How do you get an array of Unicode codes from a .NET String?

I have a list of character range restrictions that I need to validate a string, but the char type in .NET is UTF-16, and so some characters become stupid (surrogate) pairs. Thus, when enumerating all char to string I do not get 32-bit Unicode code points, and some comparisons with high values ​​do not work.

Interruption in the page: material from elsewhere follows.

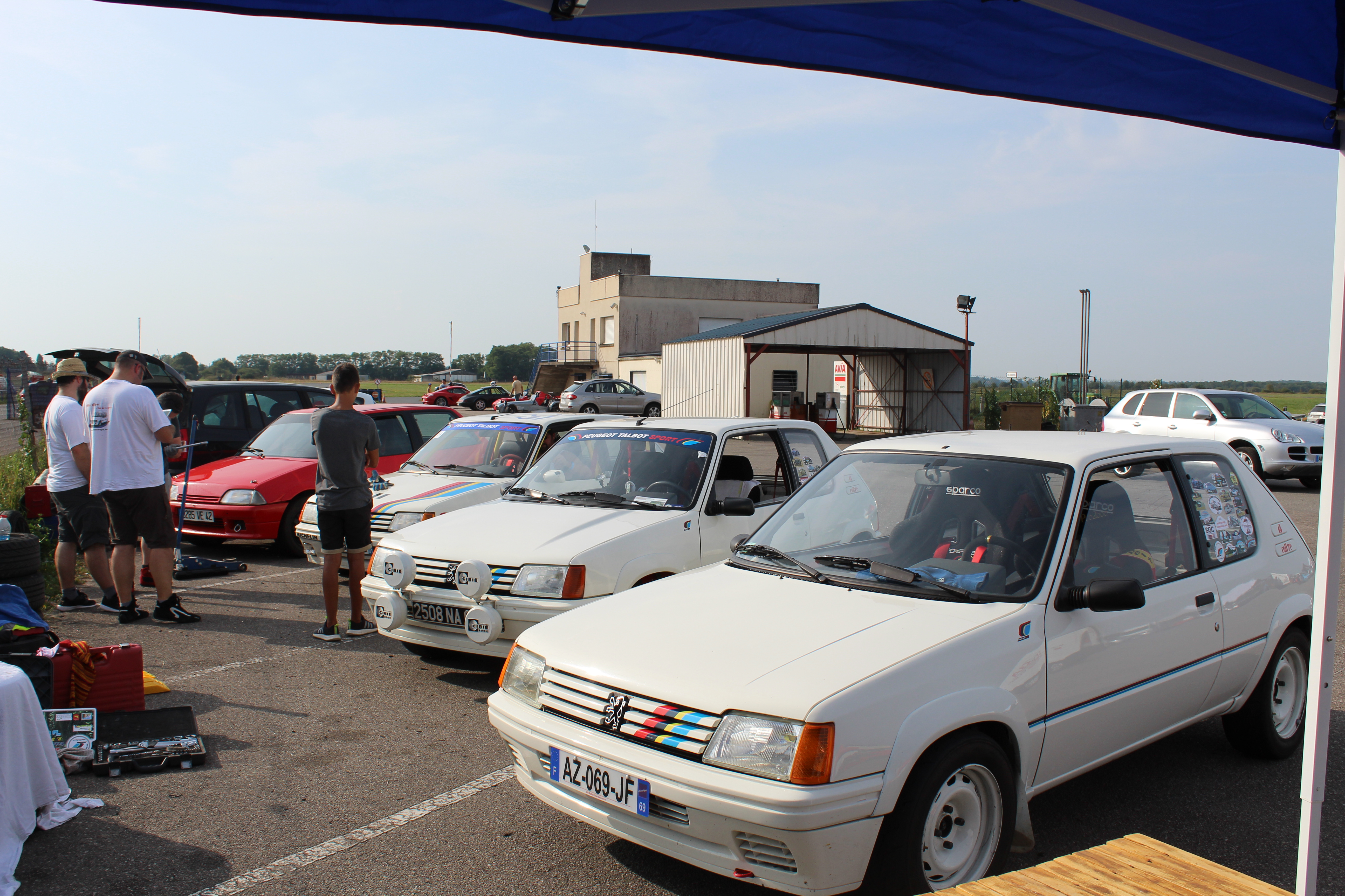 La suite avec le QG des 205 rallye, bien sûr de l'AX de Robbi et nos vieux pneus Michelin qui n'ont pas supporté cette journée surtout à l' avant gauche n'est pas Nico

I understand Unicode well enough so that I can parse bytes myself, but I was looking for a BCL C # /. NET Framework solution. So...

How would you convert string to an array ( int[] ) of 32-bit Unicode code points?

+18
string c # char unicode astral-plane
Mar 26 '09 at 20:03
source share
4 answers

This answer is incorrect. See @Virtlink Answer for the correct one.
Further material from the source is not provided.